**MATERIAL FOR THE TASK:**

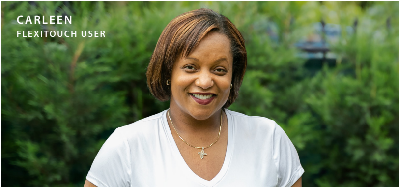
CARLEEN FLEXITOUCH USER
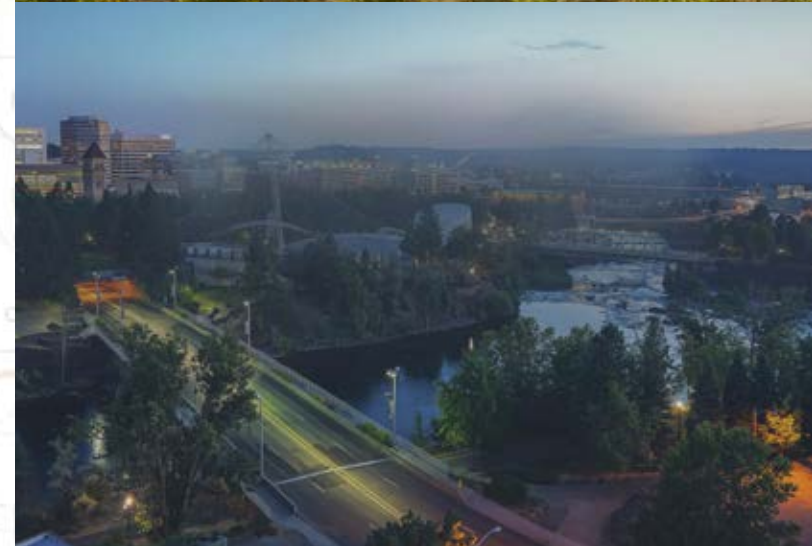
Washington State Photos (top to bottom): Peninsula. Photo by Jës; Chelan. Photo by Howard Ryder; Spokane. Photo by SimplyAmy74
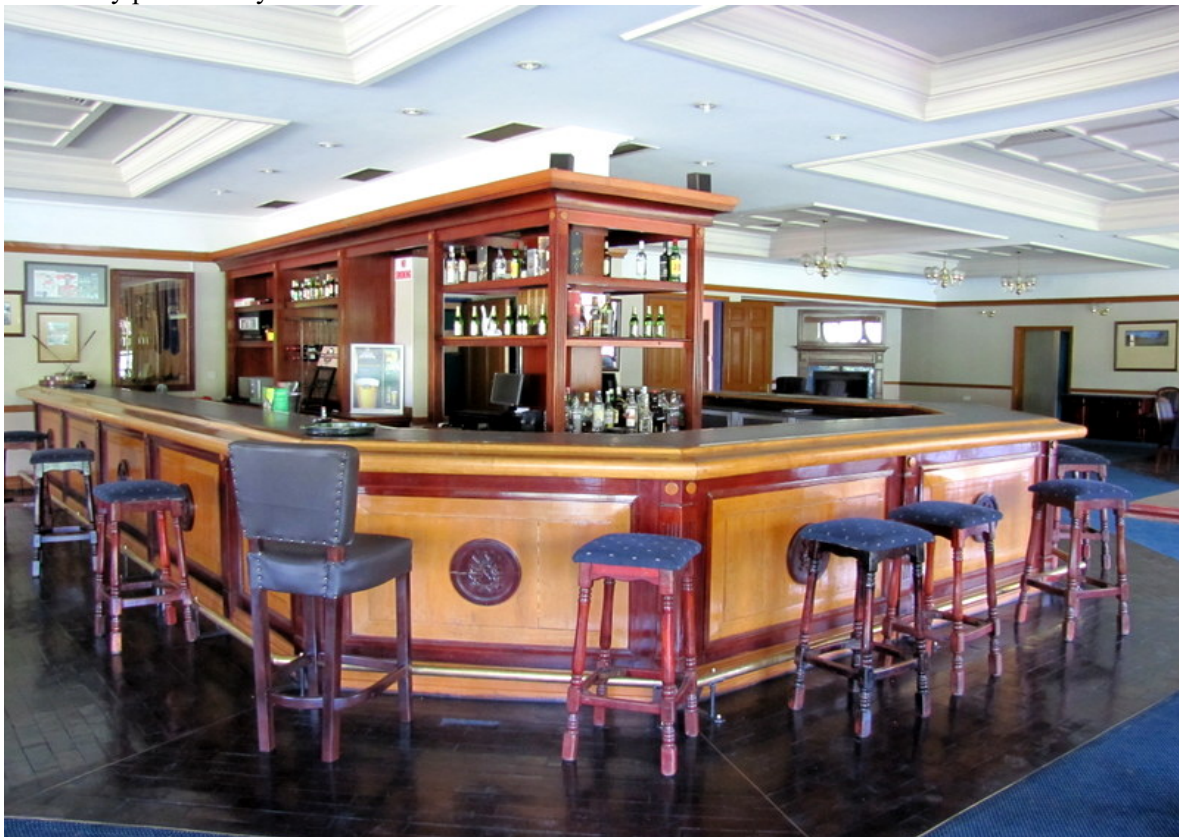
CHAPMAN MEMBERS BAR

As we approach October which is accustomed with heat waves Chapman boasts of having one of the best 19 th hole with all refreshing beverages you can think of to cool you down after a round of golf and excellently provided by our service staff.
* * *
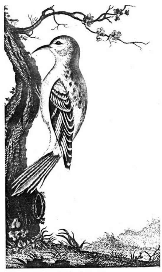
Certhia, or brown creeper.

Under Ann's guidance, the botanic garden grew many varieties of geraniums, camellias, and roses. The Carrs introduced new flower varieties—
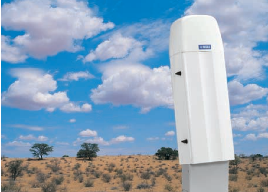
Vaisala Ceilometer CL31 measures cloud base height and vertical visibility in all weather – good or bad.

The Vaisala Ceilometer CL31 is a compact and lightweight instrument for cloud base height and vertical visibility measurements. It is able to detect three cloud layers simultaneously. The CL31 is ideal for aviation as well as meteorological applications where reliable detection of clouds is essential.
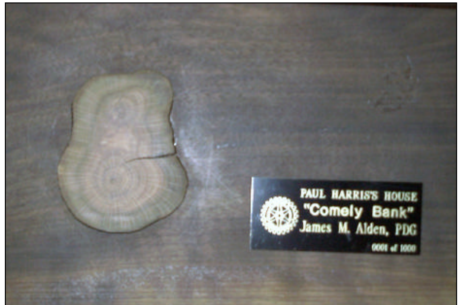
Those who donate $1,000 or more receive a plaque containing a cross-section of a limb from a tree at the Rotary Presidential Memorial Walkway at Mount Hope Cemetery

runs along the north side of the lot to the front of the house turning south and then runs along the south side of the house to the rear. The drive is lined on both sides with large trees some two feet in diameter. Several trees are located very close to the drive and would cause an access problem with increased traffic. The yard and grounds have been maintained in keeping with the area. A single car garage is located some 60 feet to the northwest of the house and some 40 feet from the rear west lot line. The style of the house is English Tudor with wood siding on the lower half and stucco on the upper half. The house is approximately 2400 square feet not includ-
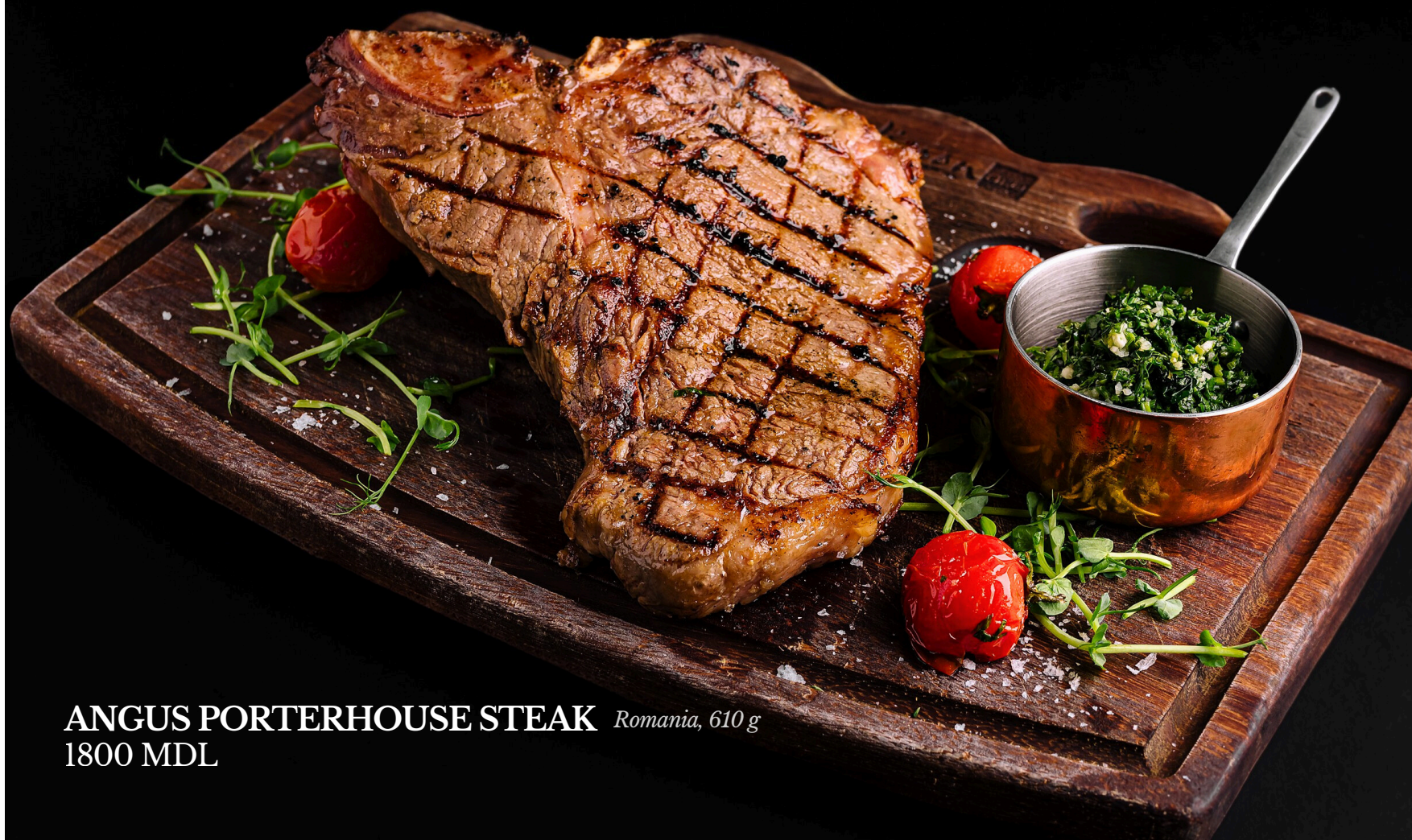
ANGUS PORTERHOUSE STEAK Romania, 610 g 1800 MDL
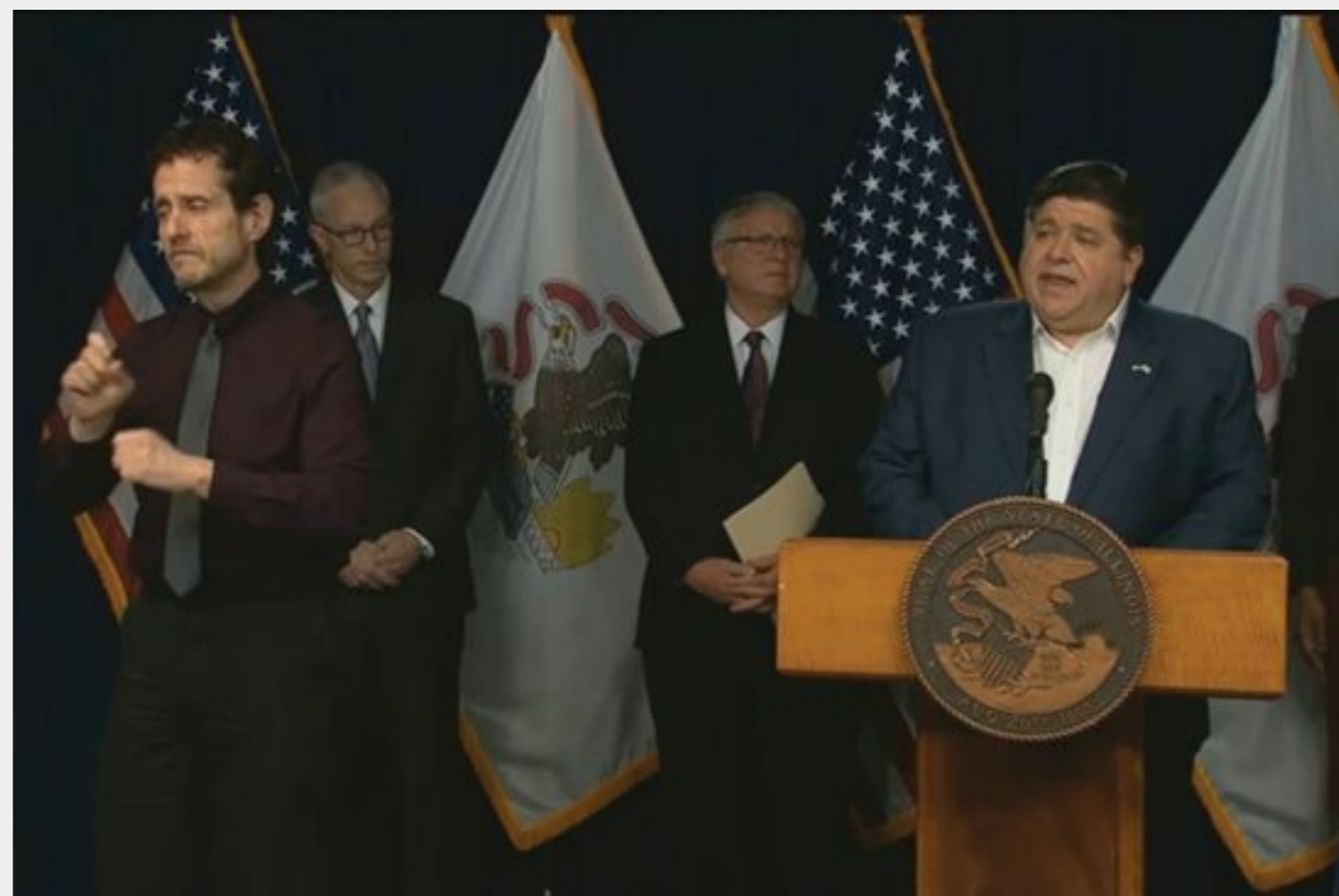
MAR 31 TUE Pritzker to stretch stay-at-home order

**EXERCISE DETAILS:**
Set down again, word for word, every line from the one with "CARLEEN FLEXITOUCH USER" to the one with "CHAPMAN MEMBERS BAR" in the entries above, and omit the pictures.

**ANSWER BOX:**
CARLEEN FLEXITOUCH USER
Washington State Photos (top to bottom): Peninsula. Photo by Jës; Chelan. Photo by Howard Ryder; Spokane. Photo by SimplyAmy74
CHAPMAN MEMBERS BAR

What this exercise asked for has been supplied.